Overview

Exenatide Once Weekly Over 2 Years as a Potential Disease Modifying Treatment for Parkinson's Disease

Status:
Recruiting
Trial end date:
2024-04-30
Target enrollment:
0
Participant gender:
All
Summary
This study is a clinical trial in patients with Parkinson's disease (PD), of a drug called exenatide, which is already licensed for the treatment of patients with type 2 diabetes. There have been several groups that have confirmed that exenatide has beneficial effects of nerve cells when tested in the laboratory, which raises the possibility that exenatide may slow down or stop the degeneration of PD. In an open label trial in patients with PD who self administered the drug for a period of 48 weeks, the investigators have previously shown that the drug is well tolerated and shows encouraging effects on the movement and non-movement aspects of the disease. A double blind placebo controlled trial involving 60 participants was then conducted which indicated that exenatide may be a "neuroprotective" drug, i.e. one that stops the nerve cells dying in PD. The next step is therefore to confirm this "neuroprotective" effect and to see whether this effect can be reproduced in a multi-centre setting including a larger number of participants.
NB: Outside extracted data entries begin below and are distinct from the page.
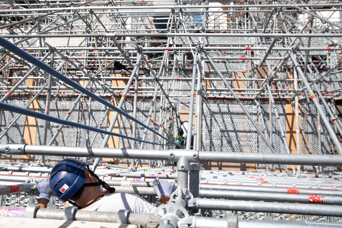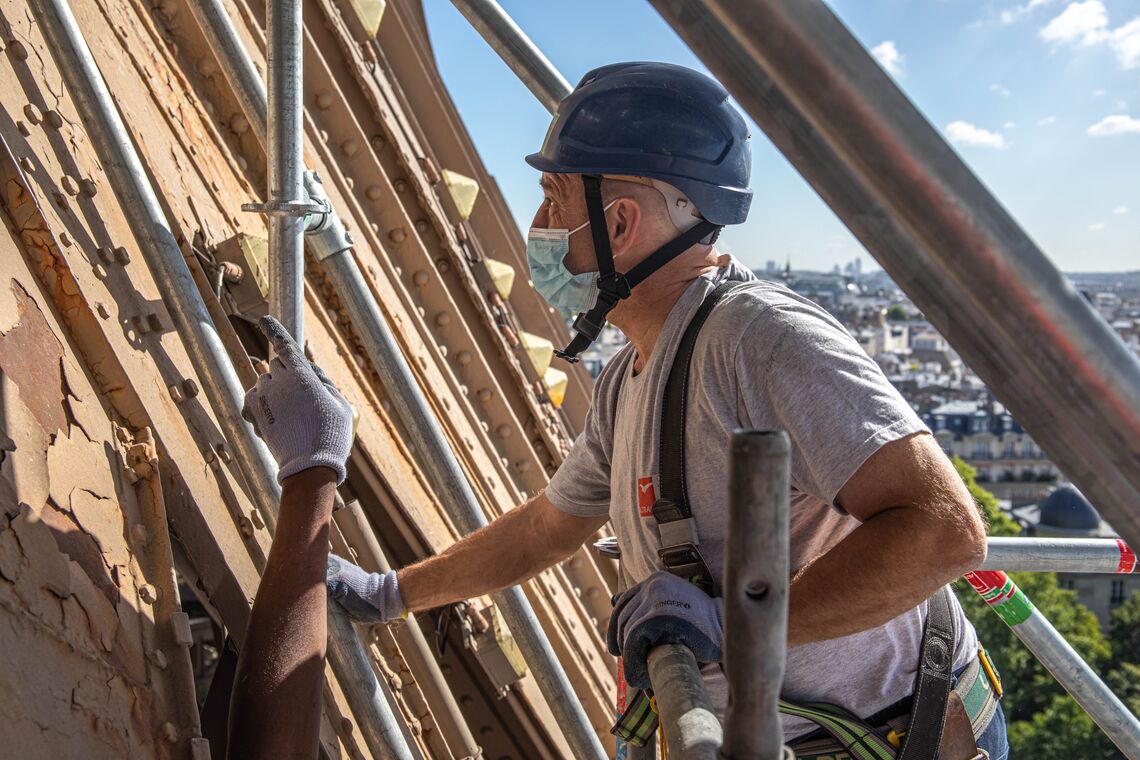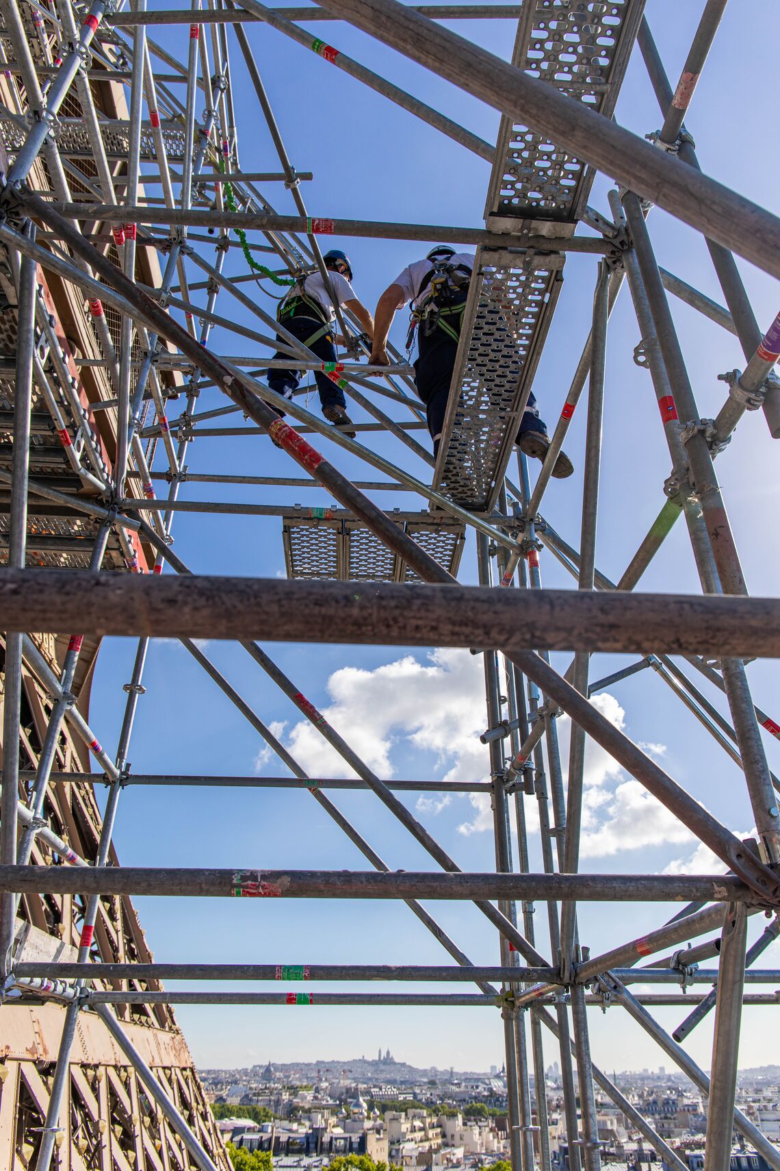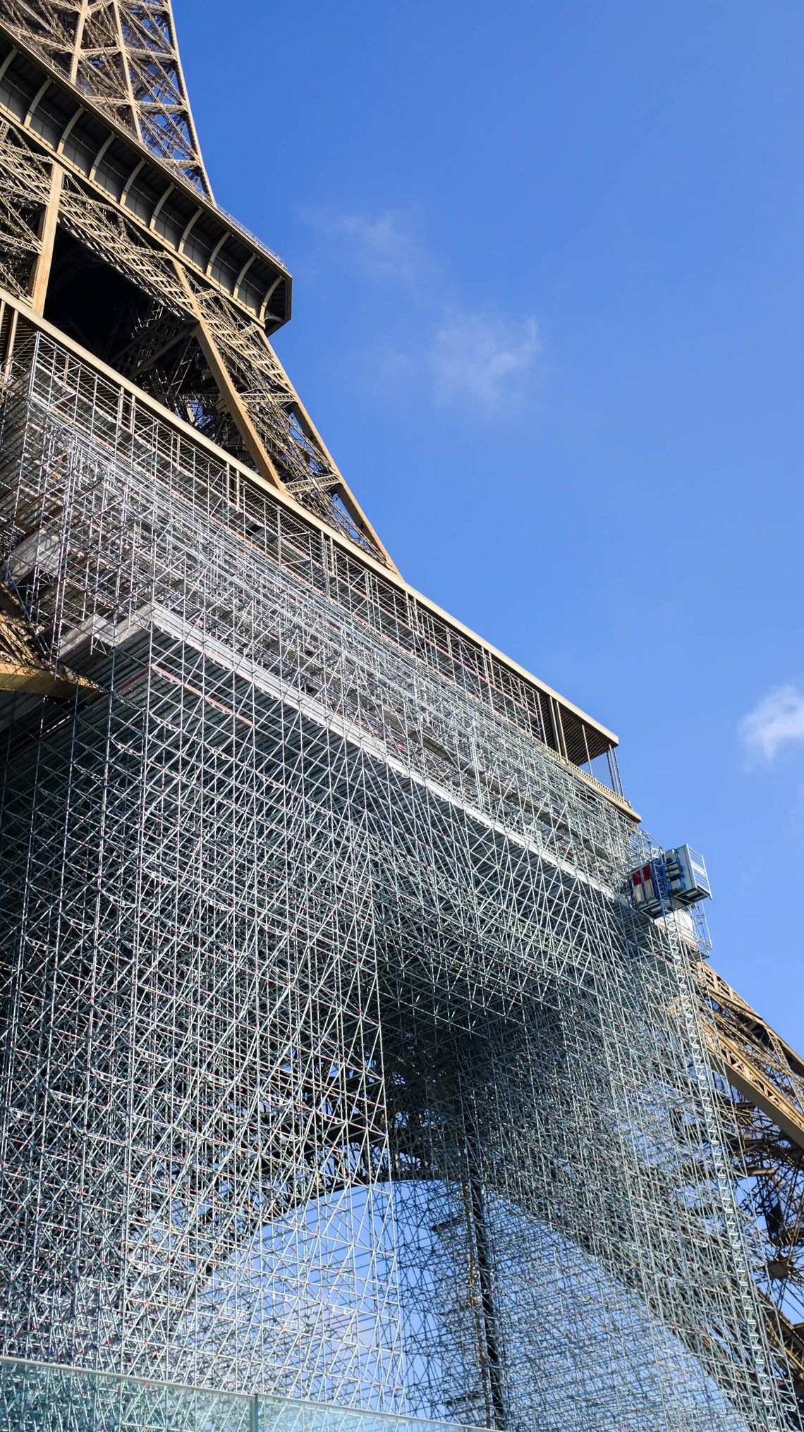 Un échafaudage remarqué sur le parvis de la tour Eiffel dans le cadre de la 20ème campagne peinture du monument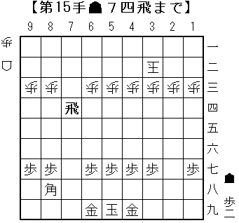 上の3点に重点を置いて10局くらい指しました。下の9手目のように十字飛車の準備をして15手目に飛車を転回!竜を作って王手して馬で詰ますことができました。次は8枚落ちを指す予定です。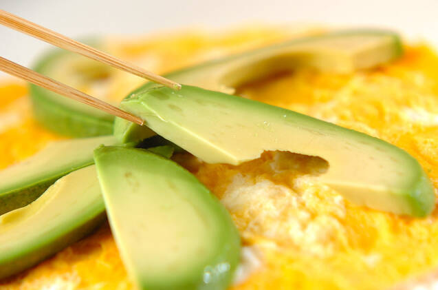 ケーキ型にオレンジパプリカを混ぜたご飯を敷き詰め、その上に水煮コーンを散らし、さらにキュウリを混ぜ合わせたご飯をのせ、上からしゃもじでしっかり押さえて型からはずす。さらに<薄焼き卵>、スモークサーモン、アボカド、カッテージチーズ、レモンを盛り付ける。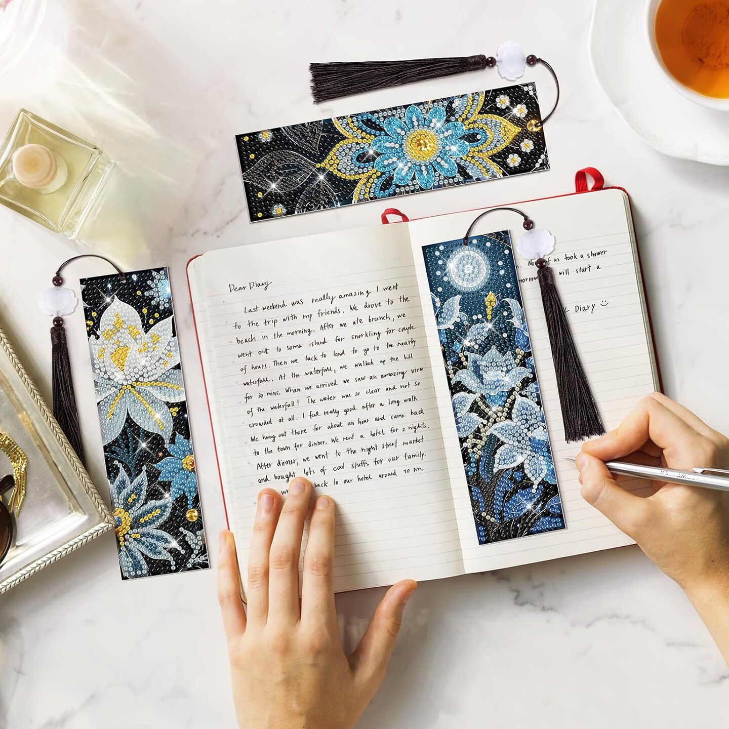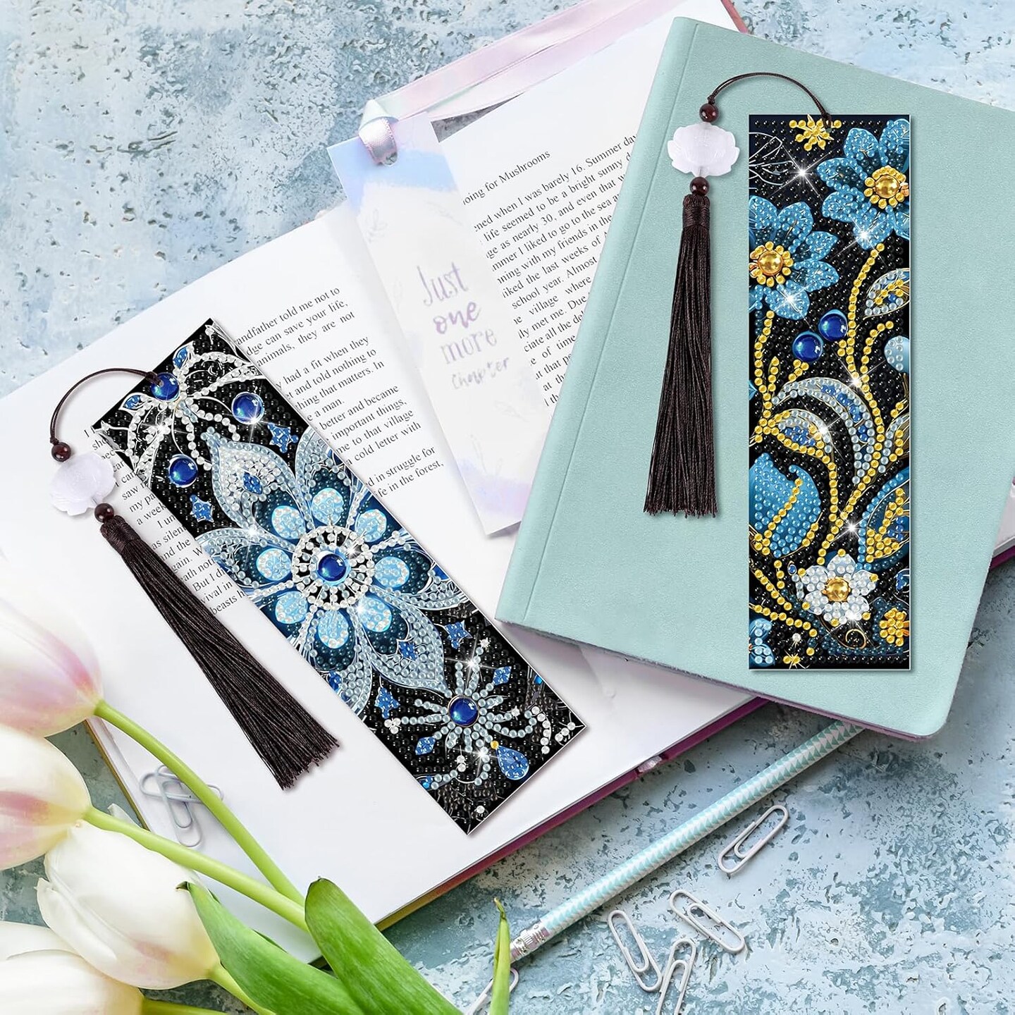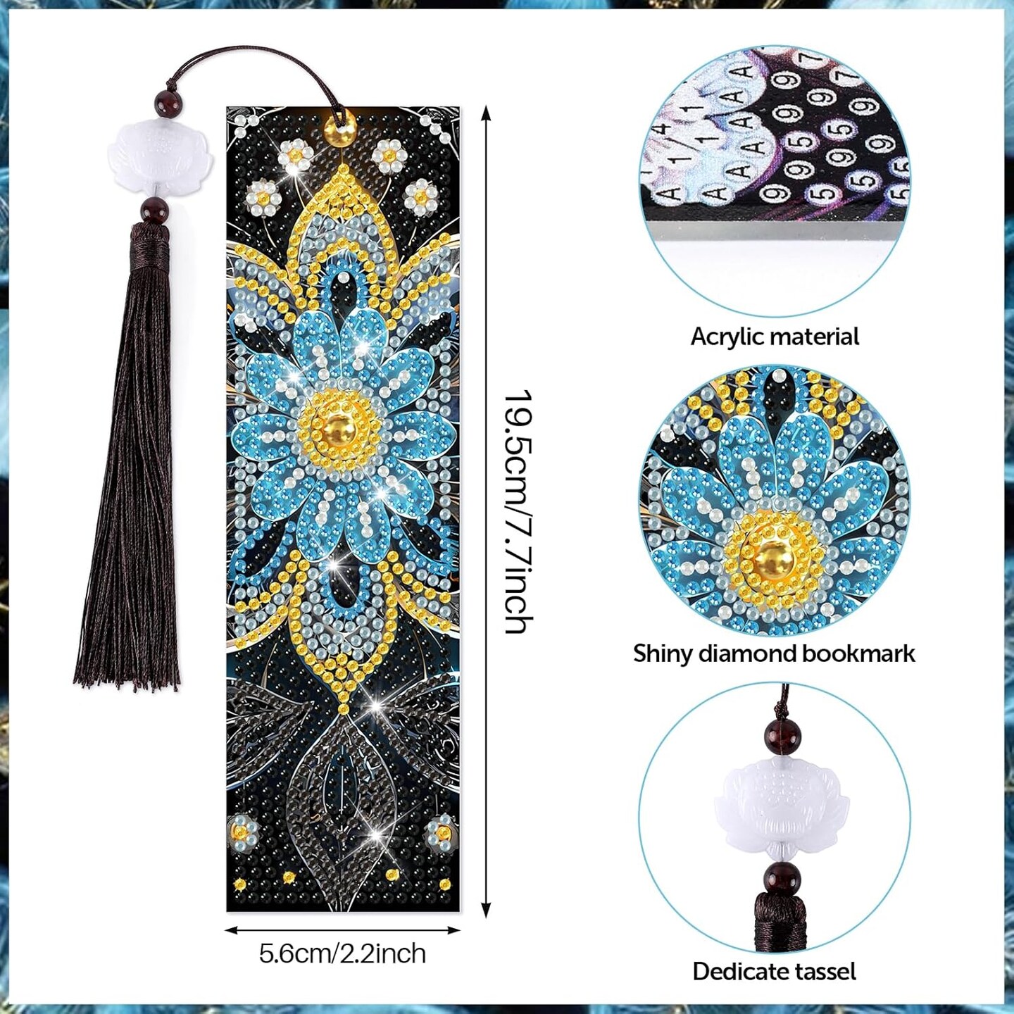 8 Pieces Floral Diamond Art Painting Bookmarks Kits for Beginners (Flower)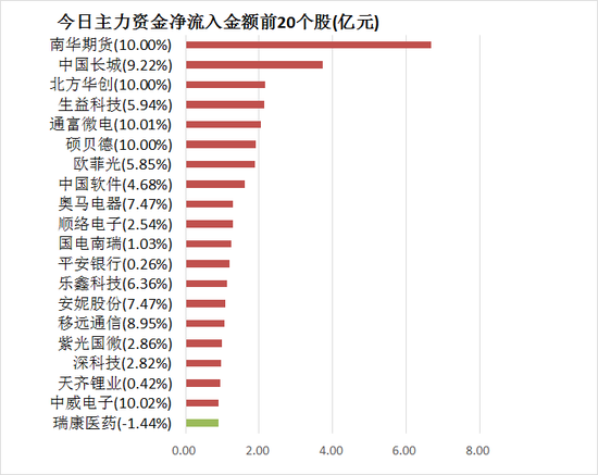 5、南华期货主力资金净流入6.69亿元居首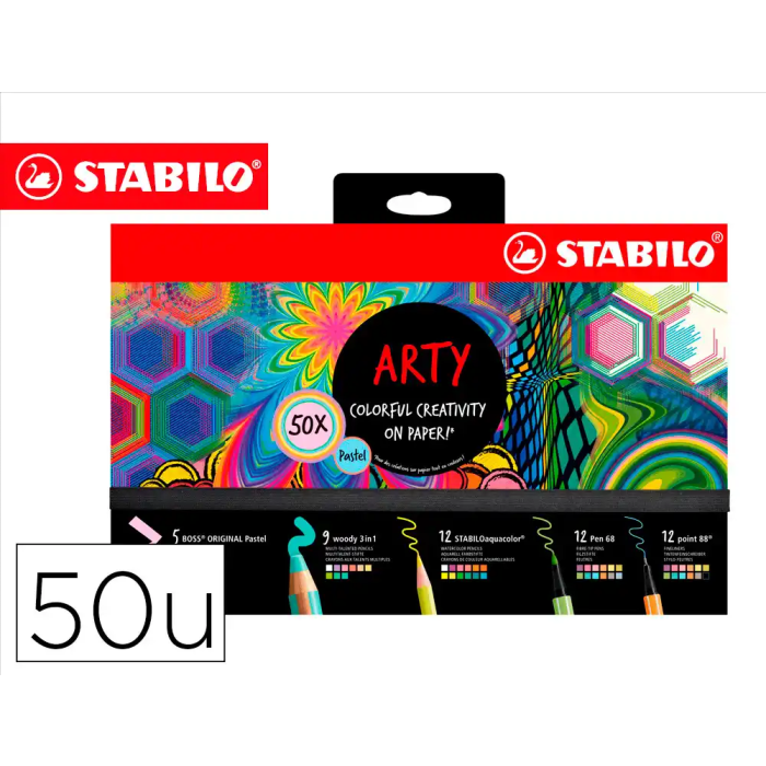 Stabilo Set Creativo Arty Pastel Estuche 50 Ud C-Surtidos, Marcadores, Lápices de Colores y Rotuladores en Tonos Pastel
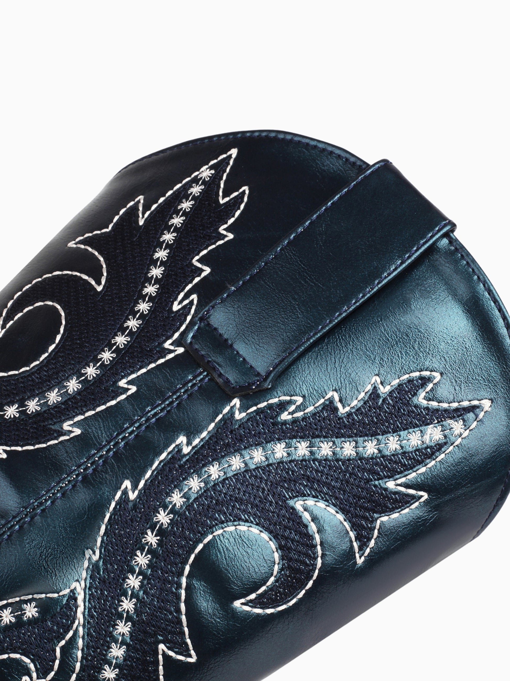 Metallic navy mid-calf square toe cowgirl boots adorned with starlit white embroidery, featuring a classic square toe and sleek Western silhouette.

An important objective is to explore whether any positive effects remain static or increase when the treatment is continued over a 96 week period. In order to explore this, a randomised, double blind, parallel group, placebo controlled, Phase 3 trial of Exenatide is being undertaken (Exenatide-PD3).
Phase:
Phase 3
Accepts Healthy Volunteers?
No
Details
Lead Sponsor:
University College, London
Treatments:
Exenatide
Criteria
Inclusion Criteria:

1. Diagnosis of Parkinson's disease.

2. Hoehn and Yahr stage ≤2.5 in the ON medication state.

3. Between 25 and 80 years of age.

4. On dopaminergic treatment for at least 4 weeks before enrolment.

5. Ability to self-administer, or to arrange carer administration of trial medication.

6. Documented informed consent to participate.

Exclusion Criteria:

1. Diagnosis or suspicion of other cause for Parkinsonism.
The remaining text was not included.